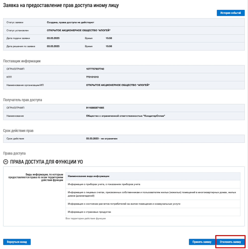 Для отклонения заявки на передачу прав доступа нажмите на кнопку Отклонить заявку.
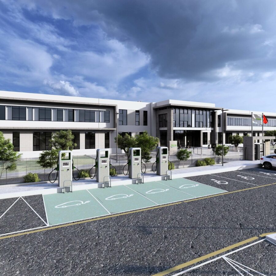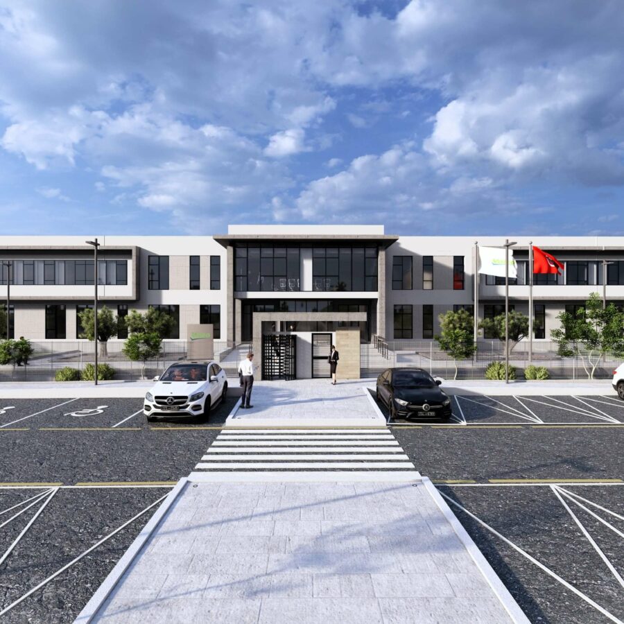 Le front bâti principal, visible depuis l’accès, intègre les blocs administratifs et de services, traités architecturalement par des volumes plus élancés et des façades largement vitrées. Ces éléments vitrés, associés à des brise-soleils horizontaux, confèrent une image institutionnelle et contemporaine à l’usine tout en améliorant le confort thermique et visuel des espaces de travail. L’expression architecturale reste sobre et fonctionnelle, caractérisée par l’utilisation de bardages clairs et de lignes horizontales affirmées.
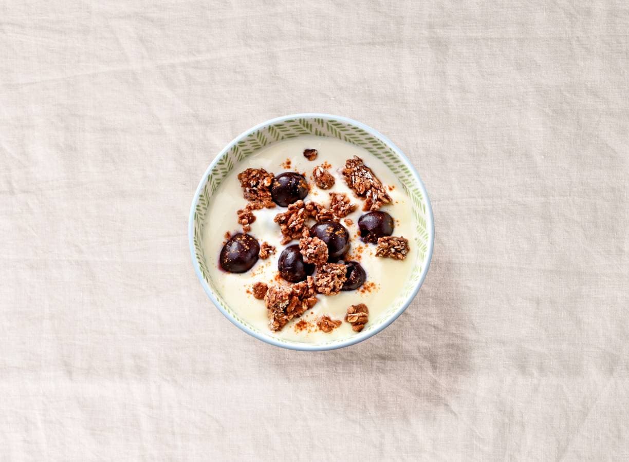 De kers op je ontbijt, deze vegan breakfastbowl met kersen en muesli.
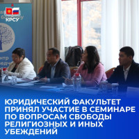 Преподаватели и студенты юридического факультета КРСУ приняли участие в работе семинара на тему: «Свобода религиозных и иных убеждений в Кыргызской Республике: практика правового регулирования и рассмотрения отдельных вопросов в соотношении с к

***

◆ **Exercise goal**
The listing above, line by line: print it exactly, but not its pictures.

◆ **Solution to this task**
 Для отклонения заявки на передачу прав доступа нажмите на кнопку Отклонить заявку.
 Le front bâti principal, visible depuis l’accès, intègre les blocs administratifs et de services, traités architecturalement par des volumes plus élancés et des façades largement vitrées. Ces éléments vitrés, associés à des brise-soleils horizontaux, confèrent une image institutionnelle et contemporaine à l’usine tout en améliorant le confort thermique et visuel des espaces de travail. L’expression architecturale reste sobre et fonctionnelle, caractérisée par l’utilisation de bardages clairs et de lignes horizontales affirmées.
 De kers op je ontbijt, deze vegan breakfastbowl met kersen en muesli.
 Преподаватели и студенты юридического факультета КРСУ приняли участие в работе семинара на тему: «Свобода религиозных и иных убеждений в Кыргызской Республике: практика правового регулирования и рассмотрения отдельных вопросов в соотношении с к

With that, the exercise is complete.